Antitubercular nanocarrier monotherapy: Study of In Vivo efficacy and pharmacokinetics for rifampicin

Abstract

Tuberculosis represents a major global health problem for which improved approaches are needed to shorten the course of treatment and to combat the emergence of resistant strains. The development of effective and safe nanobead-based interventions can be particularly relevant for increasing the concentrations of antitubercular agents within the infected site and reducing the concentrations in the general circulation, thereby avoiding off-target toxic effects. In this work, rifampicin, a first-line antitubercular agent, was encapsulated into biocompatible and biodegradable polyester-based nanoparticles. In a well-established BALB/c mouse model of pulmonary tuberculosis, the nanoparticles provided improved pharmacokinetics and pharmacodynamics. The nanoparticles were well tolerated and much more efficient than an equivalent amount of free rifampicin.

Introduction

Tuberculosis (TB) represents a global health problem, although a potentially curative therapy has been available for approximately 50 years [[1], [2], [3]]. TB has killed millions of people over the past centuries and remains among the leading causes of infectious morbidity. This intracellular disease affects approximately 1 in 3 people worldwide, with over 10 million new cases per year and one death every three minutes [4].

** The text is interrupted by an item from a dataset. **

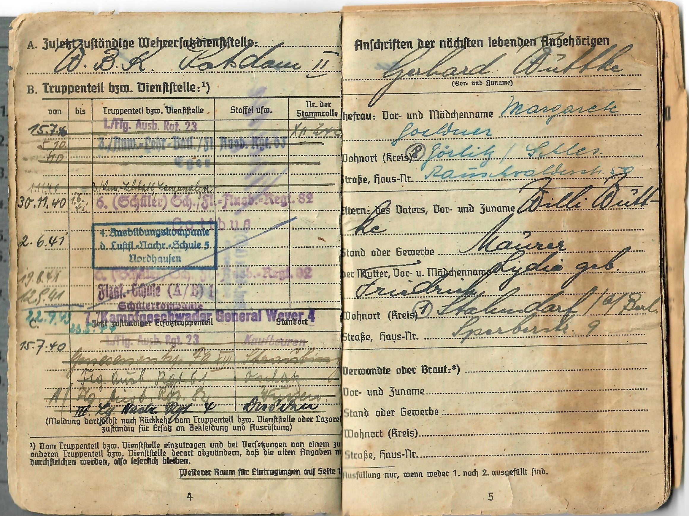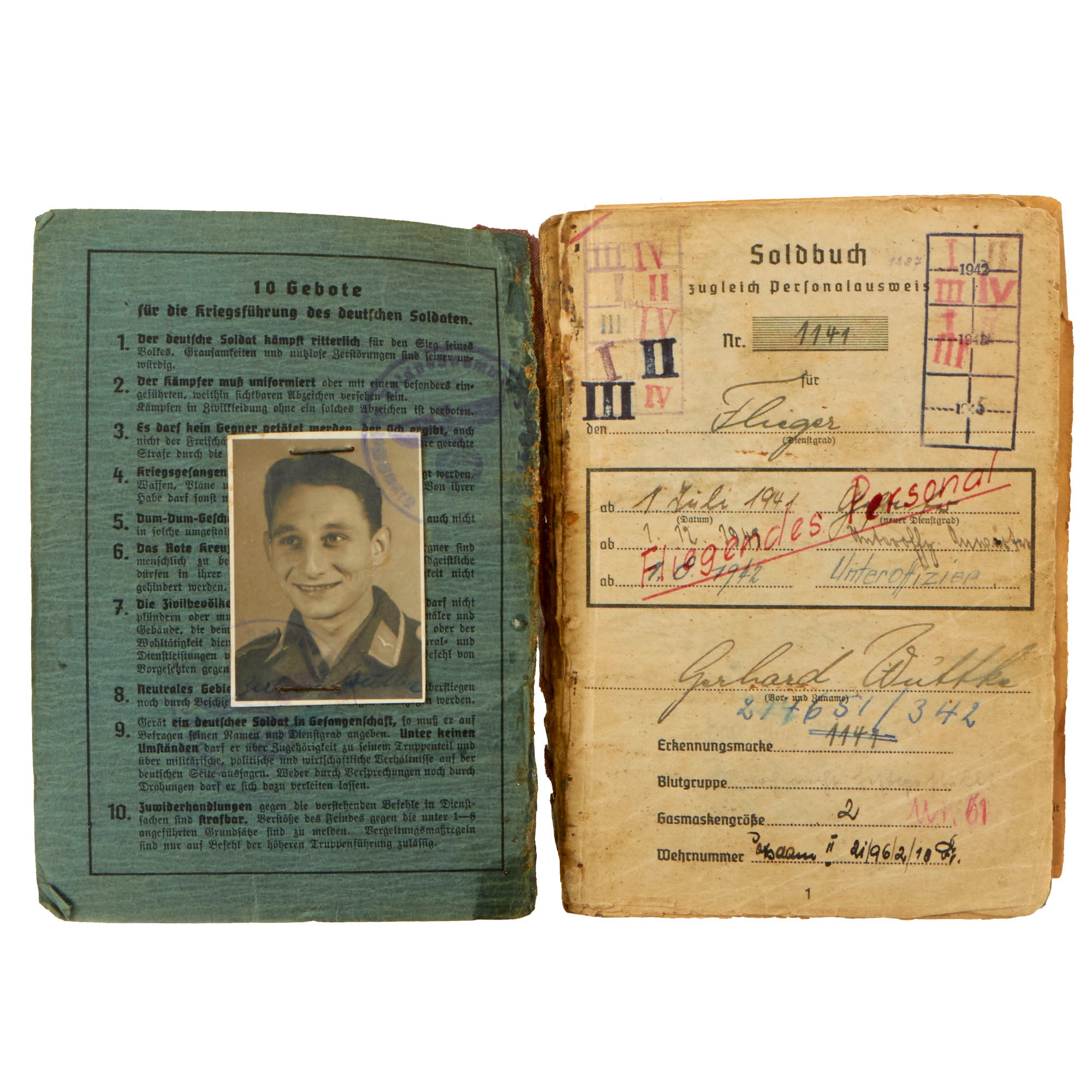 Original Items: One of a Kind Set. Here we have a magnificent German WWII Luftwaffe Document and Photo Collection, most of it directly related to Unteroffizier Gerhard Wuttke, who was a Gunner on Heinkel He 111H Medium bombers during the war. It includes his Luftwaffe Soldbuch, as well as his Luftwaffe Flugbuch flying records.

TB can usually be treated with a 6- to 9-month course of combined therapy. Rifampicin (RIF), isoniazid, pyrazinamide and ethambutol are core drugs used for this purpose. However, the necessity of using a cocktail of anti-TB drugs and the long-term treatment schedules required for conventional therapy result in poor patient compliance; therefore, the risk of treatment failure and relapse is higher. Improved drug delivery strategies for the existing drugs can be exploited to shorten TB treatment duration and to avoid the selection of drug-resistant mutants [5].

Nanoparticle (NP) technology has emerged as one of the most promising approaches for overcoming the above-listed shortcomings associated with TB therapy thanks to the unique physicochemical properties of nanomaterials. These include their small size, allowing them to reach the intracellular level, and their ability to be modified to control their biorelevant behavior. Also note that nanobead-based interventions allow the improvement of aqueous solubility of drugs, drug protection, selective transport to the sites of infection and controlled release. [6] Utilizing nanocarriers for drug delivery into the lungs, which is the primary site of TB infection, offers an elegant way to circumvent the numerous difficulties associated with conventional therapy. [[6], [7], [8]] Within the sites of inflammation, the endothelium becomes permeable due to pathologic processes. Nanobead-based structures follow the route of particulate patterns, including intracellular pathogens, and they are preferentially taken up by phagocytes, which further enhance their targeting [1]. Thus, these approaches enhance the therapeutic effectiveness and minimize the undesirable side effects of numerous antibacterial drugs [3,9].

In this context, several types of anti-TB nanoformulations, including solid lipid nanoparticles [6,10], inorganic nanoparticles [7,11,12], micelles [13], and polymeric nanoparticles [[14], [15], [16], [17], [18]], have been utilized. All of these “future medicines” for use in TB regimens, however, still require financial support and further preclinical studies to move on to the next developmental step and reach patients [19]. Despite the fact that handling both animals and pathogens requires specific facility and biosafety conditions, there are studies (e.g. [12,15,18,[20], [21], [22], [23]],) describing the antitubercular activity in vivo. Most of these promising matrices are not, however, approved by regulatory authorities and, thus, have a lower chance of reaching clinical studies [19]. In this context, the toxicity studies required would increase the final cost of a novel intervention.

Recently, we described an intervention based on FDA-approved [24] biocompatible and biodegradable methoxy poly(ethylene oxide)-block-poly(ε-caprolactone) (MPEO-b-PCL) nanoparticles loaded with RIF, a cornerstone of modern antitubercular therapy. In these previous studies, we showed that the RIF-loaded nanoparticles were efficiently taken up by Raw 264.7 macrophage-like cells and efficiently killed the intracellularly persistent mycobacteria (nontuberculous Mycobacterium sp. as well as M. tuberculosis H37Rv). We also demonstrated in a zebrafish model of tuberculosis that the nanoparticles were well tolerated, had a curative effect and were significantly more efficient compared to a free form of RIF.

Considering these previous findings [17,18], we chose the most promising RIF-loaded nanoformulation, which was based on the MPEO_5k-b-PCL_4k copolymer, to test its biorelevant properties. We analyzed the pharmacokinetics and the effects of a RIF-loaded nanoformulation (NPs-RIF), a RIF-free nanoformulation (NPs), and free RIF on artificially induced tuberculous infection using a clinically relevant in vivo model.